* **YOUR TASK**: Your answer should hold exactly the lines below from the line with "Two iconic Lotus" through the line with "XSDNA 21/1, KQXSDNA", both included, and no pictures at all.
======== DATA EXTRACT ========
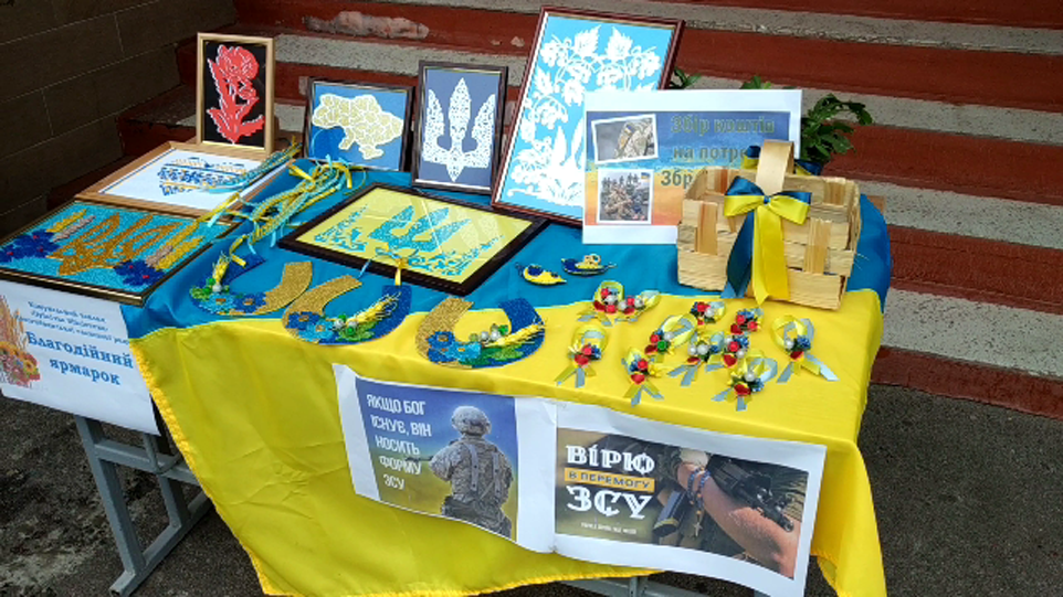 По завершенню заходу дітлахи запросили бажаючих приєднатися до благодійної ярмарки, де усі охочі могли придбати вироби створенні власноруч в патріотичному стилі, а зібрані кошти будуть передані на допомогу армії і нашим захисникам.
========
======== DATA EXTRACT ========
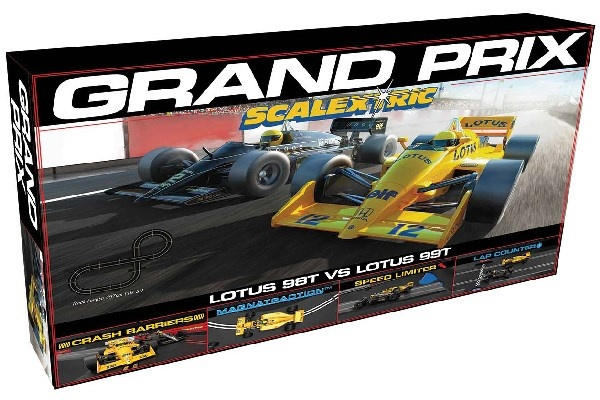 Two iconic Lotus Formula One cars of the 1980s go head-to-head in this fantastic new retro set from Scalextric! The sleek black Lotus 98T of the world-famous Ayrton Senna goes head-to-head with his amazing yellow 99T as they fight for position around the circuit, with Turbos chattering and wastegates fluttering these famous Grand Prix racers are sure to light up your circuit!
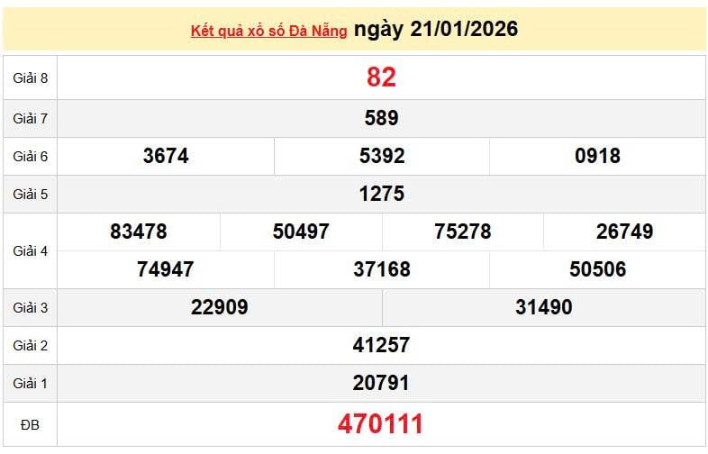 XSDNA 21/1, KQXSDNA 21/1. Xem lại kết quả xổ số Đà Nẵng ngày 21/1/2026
========
* **RESPONSE TO THIS EXERCISE**:
 Two iconic Lotus Formula One cars of the 1980s go head-to-head in this fantastic new retro set from Scalextric! The sleek black Lotus 98T of the world-famous Ayrton Senna goes head-to-head with his amazing yellow 99T as they fight for position around the circuit, with Turbos chattering and wastegates fluttering these famous Grand Prix racers are sure to light up your circuit!
 XSDNA 21/1, KQXSDNA 21/1. Xem lại kết quả xổ số Đà Nẵng ngày 21/1/2026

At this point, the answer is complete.